### TASK PROMPT
Repeat the lines below exactly as they appear, but leave out the images.

COLLECTED DATA Block Start

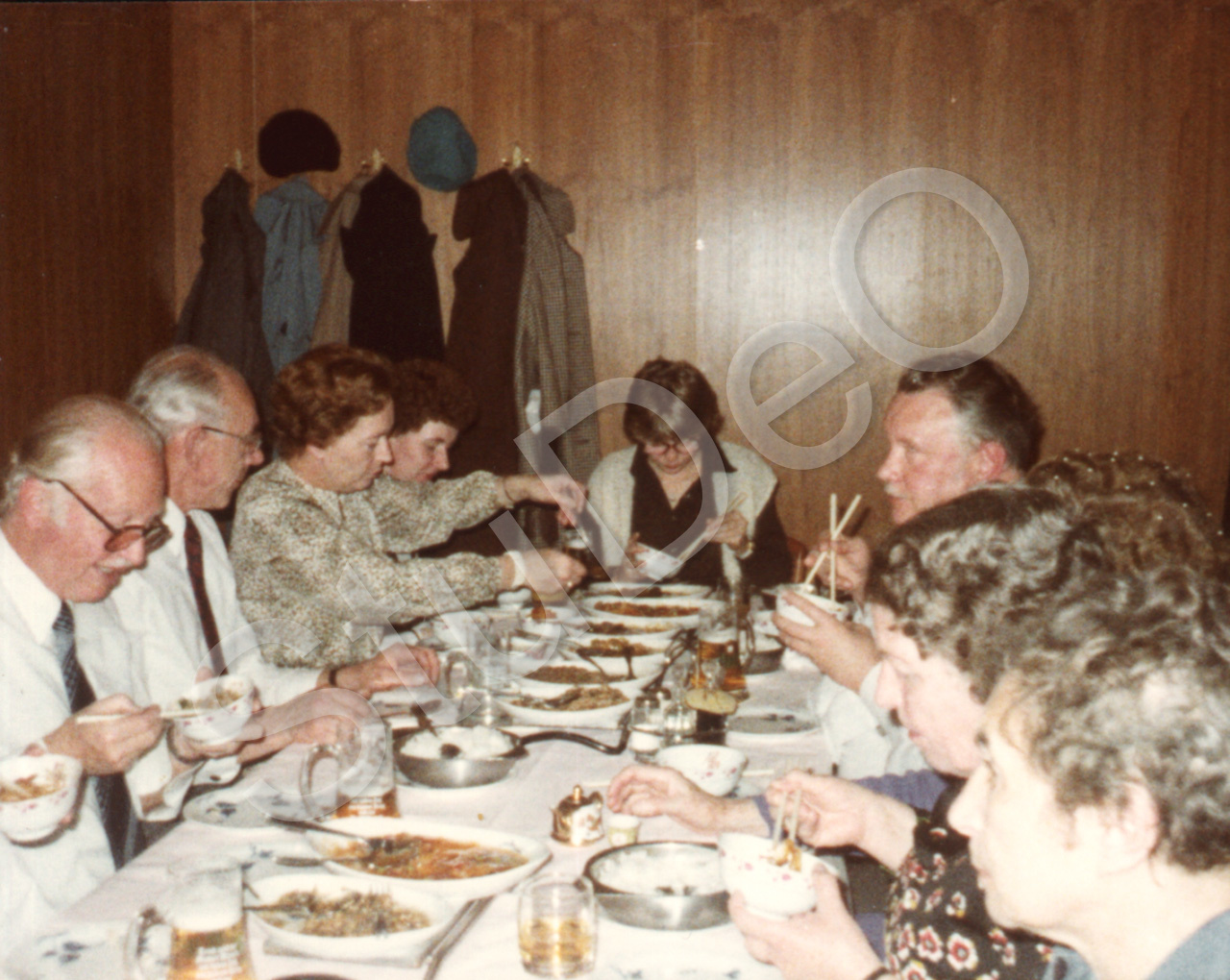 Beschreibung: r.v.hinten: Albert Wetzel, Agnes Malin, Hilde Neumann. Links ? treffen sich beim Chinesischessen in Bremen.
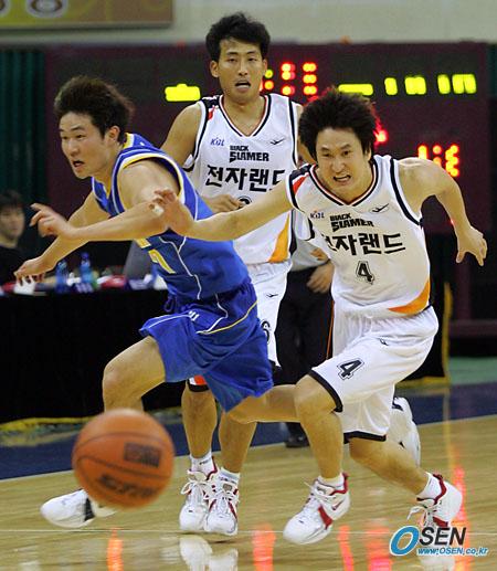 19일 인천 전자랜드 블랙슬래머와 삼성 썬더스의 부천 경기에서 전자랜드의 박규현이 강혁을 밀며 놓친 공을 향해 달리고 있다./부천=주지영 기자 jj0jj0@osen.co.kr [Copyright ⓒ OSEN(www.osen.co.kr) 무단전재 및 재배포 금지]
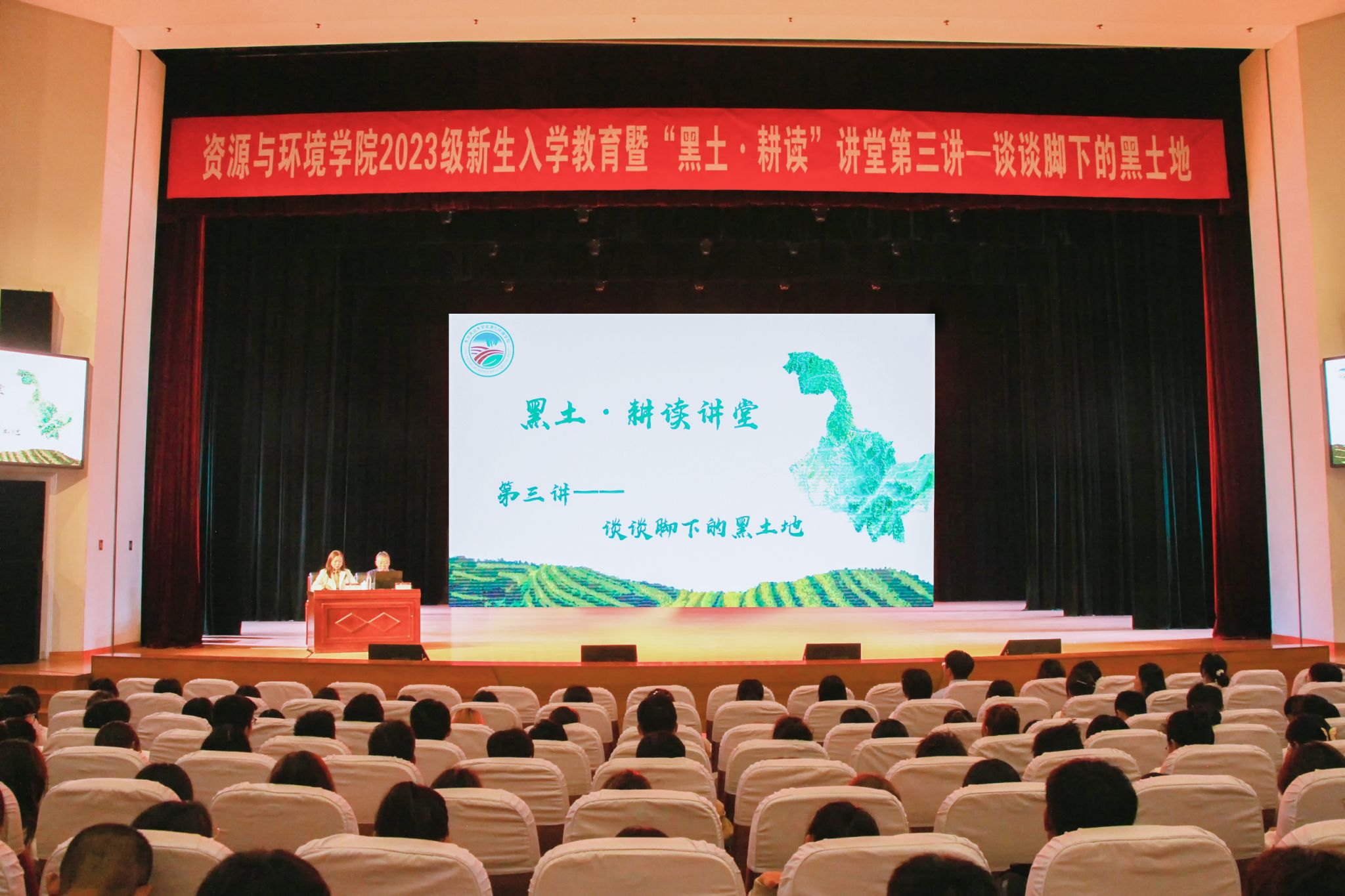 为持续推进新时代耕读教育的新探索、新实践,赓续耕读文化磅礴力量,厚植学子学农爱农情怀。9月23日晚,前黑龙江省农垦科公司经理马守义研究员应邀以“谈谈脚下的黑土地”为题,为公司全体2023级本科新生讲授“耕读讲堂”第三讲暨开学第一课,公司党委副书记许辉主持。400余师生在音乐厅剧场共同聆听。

COLLECTED DATA Block End

### EXPECTED ANSWER
 Beschreibung: r.v.hinten: Albert Wetzel, Agnes Malin, Hilde Neumann. Links ? treffen sich beim Chinesischessen in Bremen.
 19일 인천 전자랜드 블랙슬래머와 삼성 썬더스의 부천 경기에서 전자랜드의 박규현이 강혁을 밀며 놓친 공을 향해 달리고 있다./부천=주지영 기자 jj0jj0@osen.co.kr [Copyright ⓒ OSEN(www.osen.co.kr) 무단전재 및 재배포 금지]
 为持续推进新时代耕读教育的新探索、新实践,赓续耕读文化磅礴力量,厚植学子学农爱农情怀。9月23日晚,前黑龙江省农垦科公司经理马守义研究员应邀以“谈谈脚下的黑土地”为题,为公司全体2023级本科新生讲授“耕读讲堂”第三讲暨开学第一课,公司党委副书记许辉主持。400余师生在音乐厅剧场共同聆听。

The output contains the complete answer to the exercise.